Ни малейшая тень горечи или иронии не омрачила его благородное, бледное лицо. Он еще раз кивнул с приветливой улыбкой и сел в лодку, между тем как окружающие многозначительно переглянулись.
Любовь Поппеи и Нерона была для всех, имевших глаза, несомненным фактом, хотя никто не осмеливался открыто намекать на это. Поппея весьма ловко умела соблюдать внешние приличия, чтобы тем вернее упрочить свое положение. Но чтобы Ото так-таки ровно ничего не замечал — этого она не могла допустить. Вспоминая улыбающееся, спокойное лицо уезжавшего мужа, она смутно чуяла беду…
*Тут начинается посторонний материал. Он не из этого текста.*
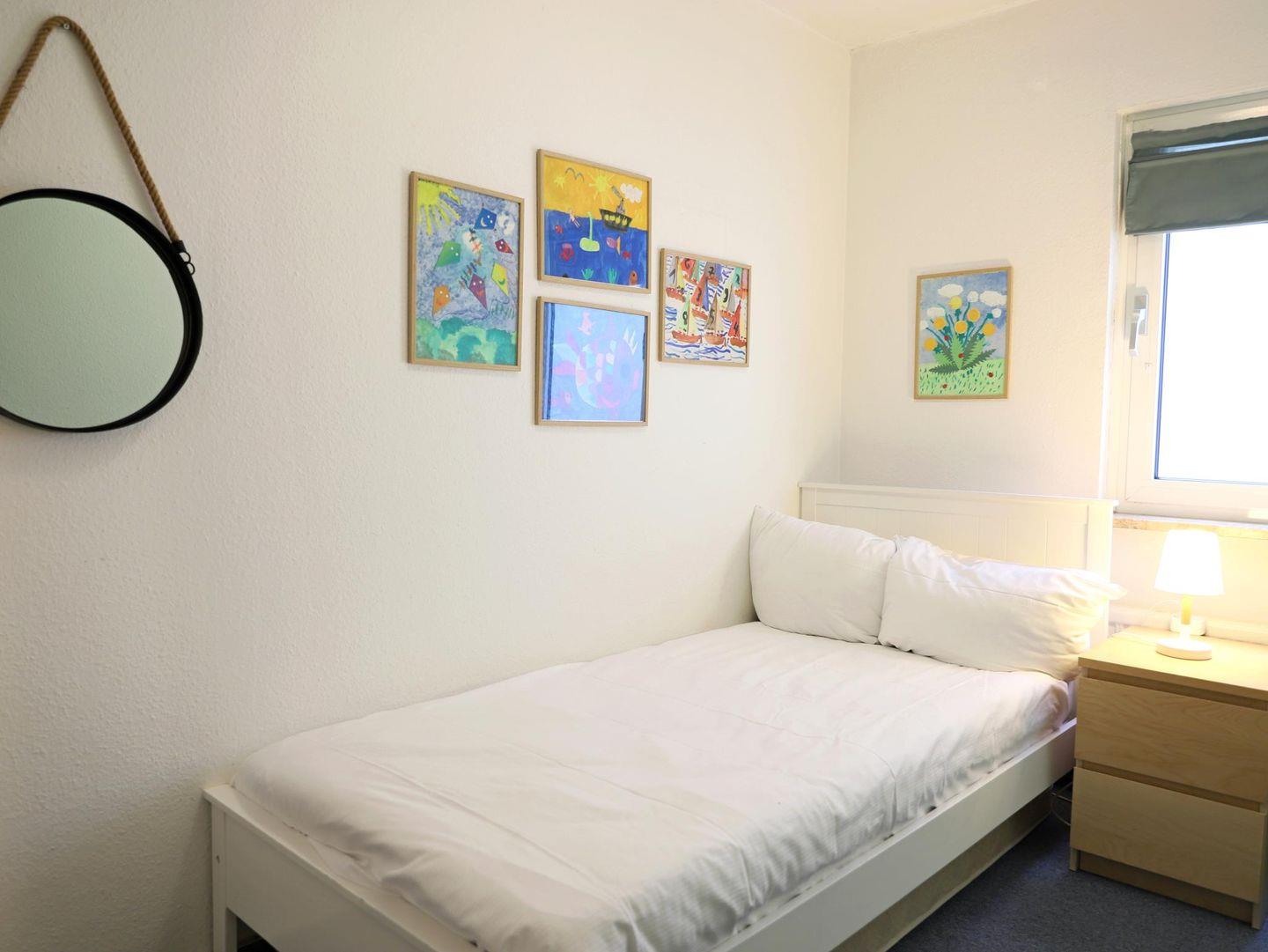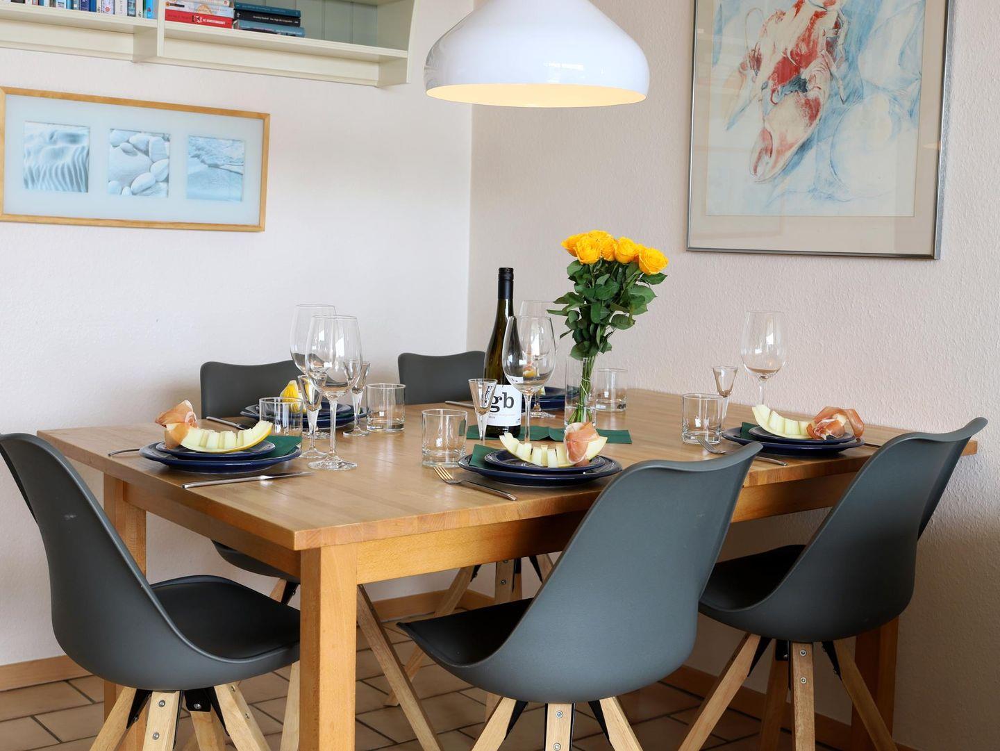Willkommen in dieser gepflegten Ferienwohnung in ruhiger Lage am Ortsrand von Wenningstedt. Die ca. 75 m² große Wohnung bietet Platz für bis zu 5 Personen und erstreckt sich über zwei Ebenen: Erdgeschoss und Souterrain. Der Strand ist in wenigen Minuten erreichbar. Im Erdgeschoss befinden sich der Wohnbereich sowie ein Schlafzimmer mit Doppelbett (180 × 200 cm). Die weiteren Schlafzimmer, eines mit Doppelbett (180 × 200 cm) und eines mit Einzelbett (90 × 200 cm), sowie das Badezimmer liegen im Souterrain. Das Badezimmer ist ausschließlich auf dieser Ebene vorhanden. Innerhalb der Wohnung müssen Treppen genutzt werden, sie ist daher nicht barrierefrei und nur eingeschränkt für Gäste mit Gehproblemen geeignet. Die sonnige Süd-Terrasse mit Gartentisch, Stühlen und eigenem Strandkorb (April–Oktober) lädt zum Entspannen ein. Ein Stellplatz sowie ein Fahrradständer sind vorhanden (kein garantierter Stellplatz). Die Wohnung ist haustierfreundlich, Nichtraucher und ideal für Familien oder Gäste, die mit der Aufteilung über zwei Ebenen gut zurechtkommen.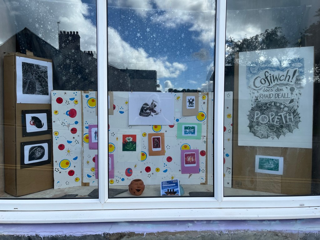 My studio is whichever space is available at the moment, not particularly welcoming for any visitors. Pondering how to put a window exhibition together made me a bit nostalgic for previous studios. The lingering scent of dead pigeons in the roof; tin baths catching the raindrops falling from above. Sharing printing presses with people who left fingerprints on everything(!) There was a lot of admin to help out with in a studio building, the office area was usually warmer so it would be a haven of bustling activity.

Ото отплыл. Во второй половине сентября наступили уже прохладные ночи. Несмотря на вечные прелести Кампаньи, избалованные римляне уже стремились в центр обитаемого мира — в свою столицу.
В половине октября туда потянулись сотни экипажей; у Поппеи была чудовищная свита.
Пурпуровые коляски, запряженные четырьмя, шестью или восемью кровными конями в блещущей золотом сбруе, вместительные повозки; плоские платформы с художественным мозаичным полом и свернутыми палаточными крышами, из которых во всякую минуту можно было составить сколько угодно мест для трапезы; широкие базарные возы; высококолесные телеги с посудой — все это богатством и пышностью напоминало роскошь древних персидских царей.